* [TASK BRIEF]: Could you retype the lines below, starting at the line holding "Rolex Certified Pre-Owned Vintage" and stopping at the line holding "Metodické doporučení Státního", inclusive? Copy them exactly and drop the images.

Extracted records
------------------------------------
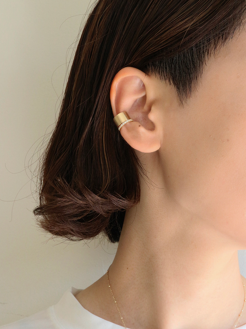 すっきりとしたイヤーカフの重ねづけでスタイリングをワンランクおしゃれに。一つでも存在感のあるエタニティタイプのイヤーカフは、地金のイヤーカフとセットするとこなれた印象に。幅広フラットなイヤーカフは、艶ありと艶消しのハーフ&ハーフになっているので、気分に合わせて付け替えて。
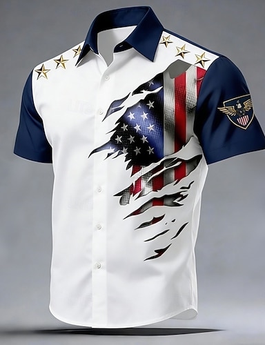 Per uomo 4 luglio, 250° anniversario degli Stati Uniti Aquila Bandiera degli Stati Uniti Camicia Camicia con Bottoni Manica Corta Patriotico All'aperto Ferie Estate Primavera Collo ripiegato Stampa
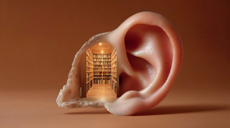Exploring the intricacies of sound perception through a close-up of an ear with sound wave graphics
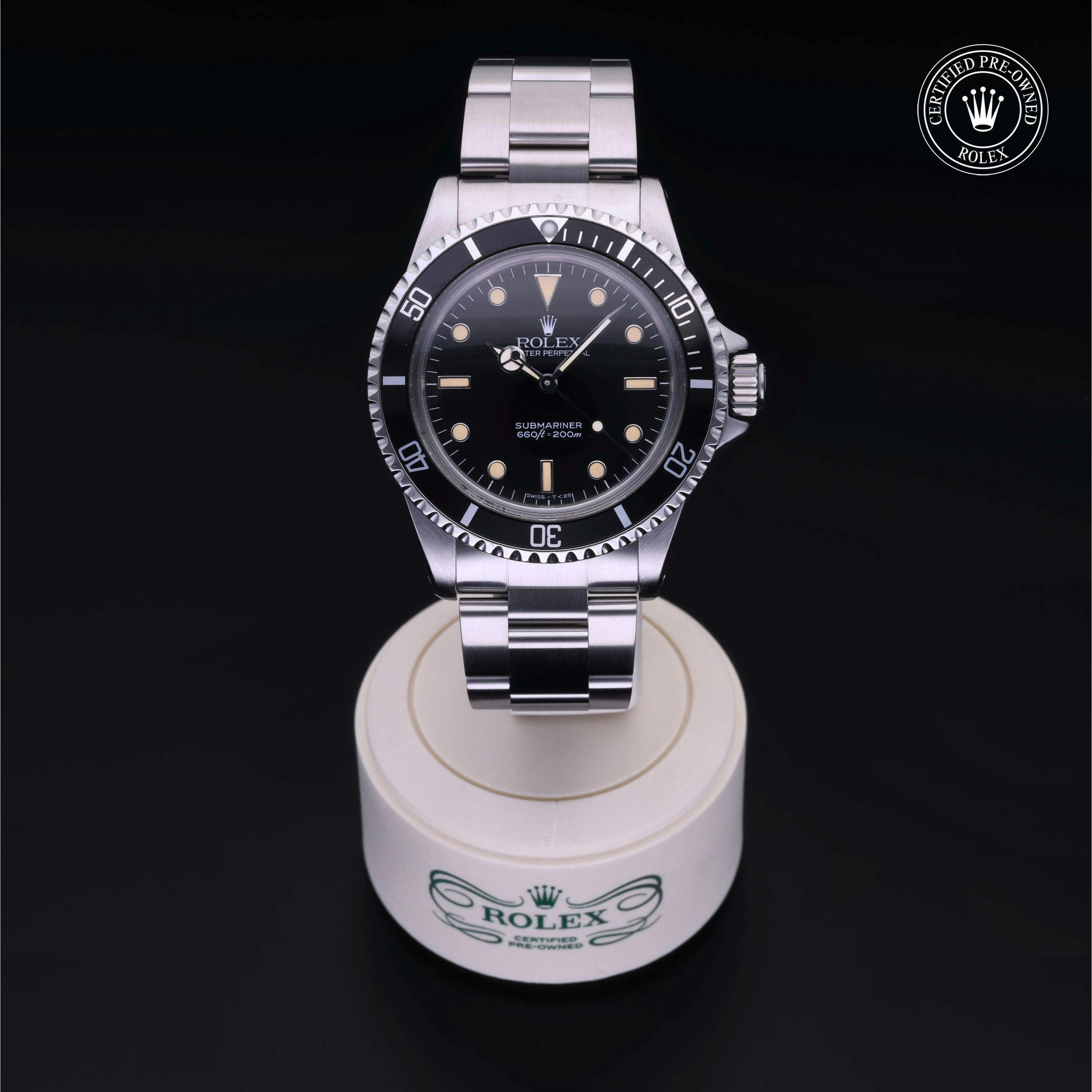 Rolex Certified Pre-Owned Vintage Submariner No Date (5513) self - winding automatic watch, features a 40mm stainless steel case with a black aluminum bezel surrounding a black dial on a stainless steel oyster bracelet. Functions include hours, minutes and seconds. This watch has received Rolex-authorized service and certification. It does not come with the original box or papers, but includes a custom Rolex Certified Pre-Owned hang tag, travel pouch and RCPO international warranty card.
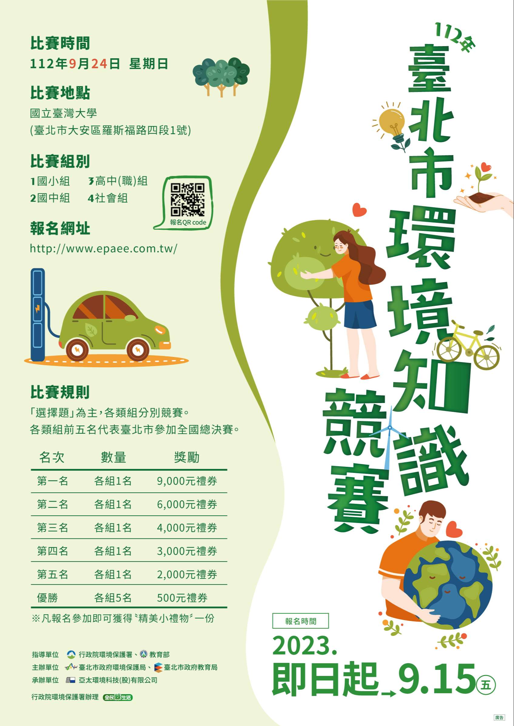 一、本市初賽報名日期至112年9月15日止,一律採網路報名, 有意參加者請至活動官網(http://www.epaee.com.tw/) 登記報名。
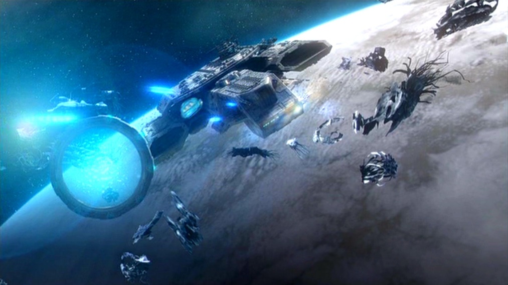 Die Energiekanone auf Doranda feuert auf die Daedalus im Orbit des Planeten.
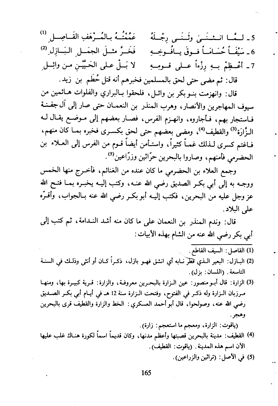 5- لَمَّا انْثَنَى وَثَنَى رِجْلَهُ ... عَمَّمْتُهُ بِالْمُرْهَفِ الْقَاصِلِ [1]
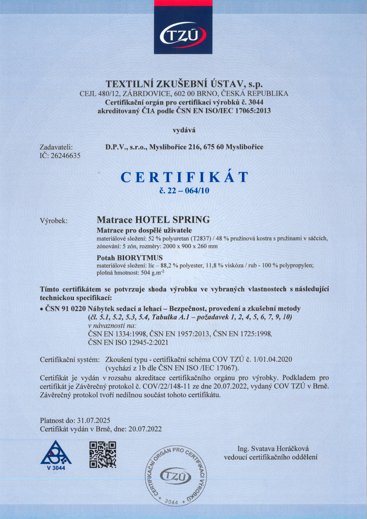 Metodické doporučení Státního zdravotního ústavu č. 1/2000 k posuzování výrobků, které přicházejí do přímého styku s lidským organismem prostřednictvím kůže, popřípadě sliznic osvědčuje, že materiály odpovídají hygienickým požadavkům uvedené specifikace, jsou vhodné na potahy matrací a nepředstavují zdravotní riziko.
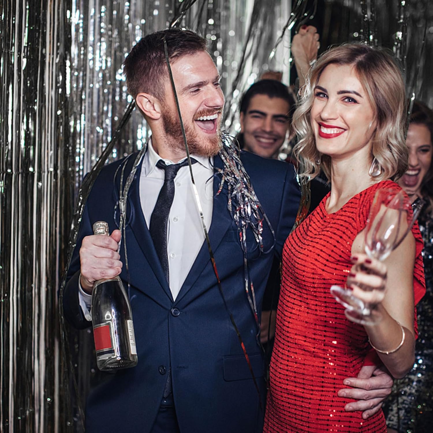 - Celebration Party Decorations: You can use this shiny gorgeous tinsel foil fringe background to decorate your celebration party. Hang them on a carpeted end or wall as a backdrop,or it could be one entrance to the party. You can paired with an LED light, balloons, banners and various photo props on this backdrop. All the guests who come to bless you will feel your love and beauty and was remembered for having a great party!
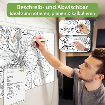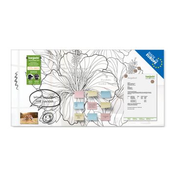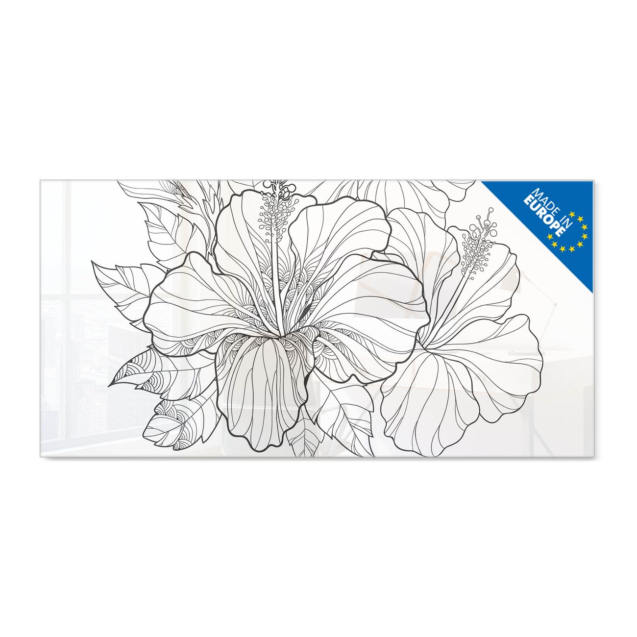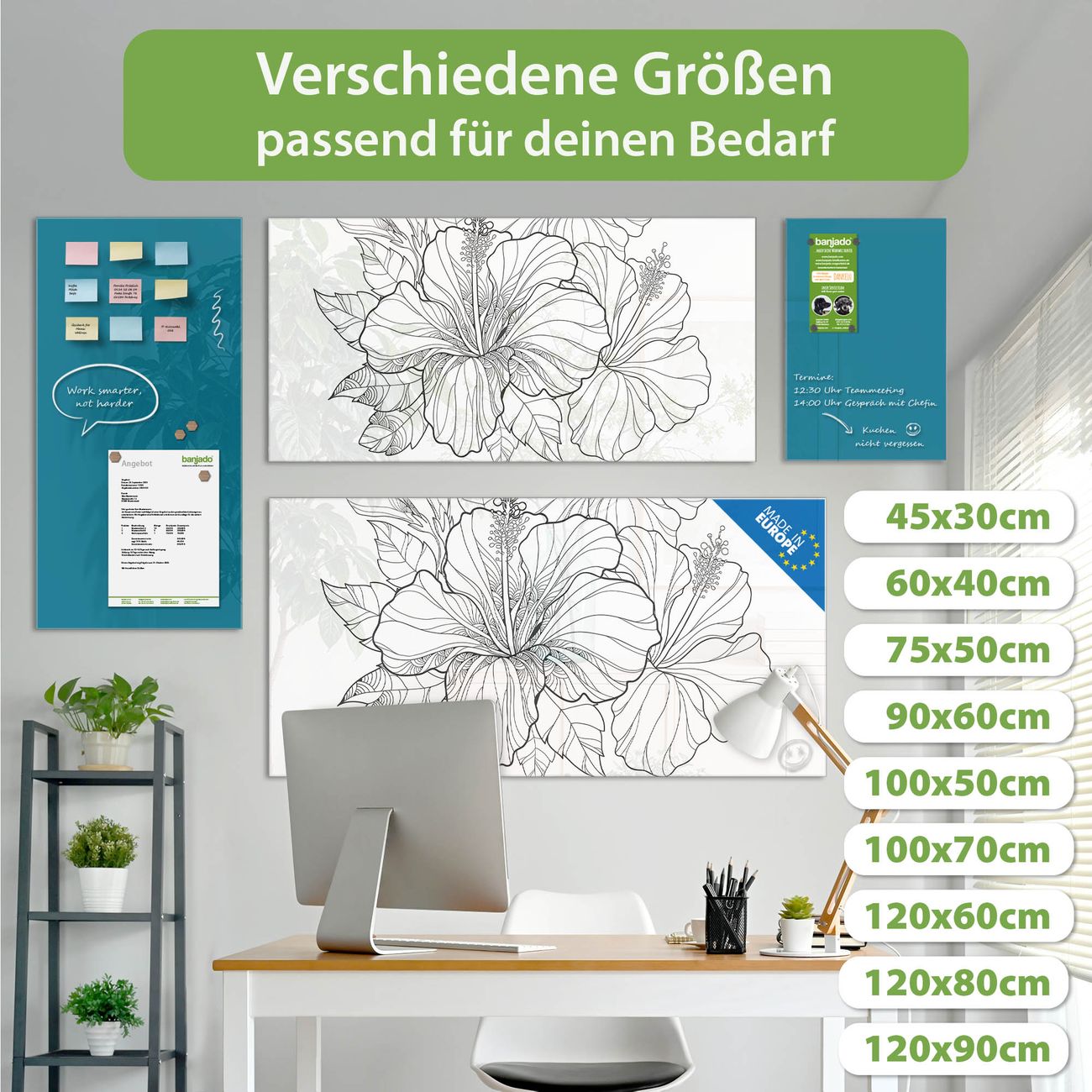 Material: 4mm Sicherheitsglas mit Metallrückwand Eigenschaften: beschreibbar, magnetisch, kratzfest Maße: 100x50x0,6cm, 7,50kg schwer Motiv Nummer 13053 Hibiskus 2 Zubehör: inklusive 4 Neodym-Magnete
------------------------------------
* [RESULT OF THIS TASK]:
 Rolex Certified Pre-Owned Vintage Submariner No Date (5513) self - winding automatic watch, features a 40mm stainless steel case with a black aluminum bezel surrounding a black dial on a stainless steel oyster bracelet. Functions include hours, minutes and seconds. This watch has received Rolex-authorized service and certification. It does not come with the original box or papers, but includes a custom Rolex Certified Pre-Owned hang tag, travel pouch and RCPO international warranty card.
 一、本市初賽報名日期至112年9月15日止,一律採網路報名, 有意參加者請至活動官網(http://www.epaee.com.tw/) 登記報名。
 Die Energiekanone auf Doranda feuert auf die Daedalus im Orbit des Planeten.
 5- لَمَّا انْثَنَى وَثَنَى رِجْلَهُ ... عَمَّمْتُهُ بِالْمُرْهَفِ الْقَاصِلِ [1]
 Metodické doporučení Státního zdravotního ústavu č. 1/2000 k posuzování výrobků, které přicházejí do přímého styku s lidským organismem prostřednictvím kůže, popřípadě sliznic osvědčuje, že materiály odpovídají hygienickým požadavkům uvedené specifikace, jsou vhodné na potahy matrací a nepředstavují zdravotní riziko.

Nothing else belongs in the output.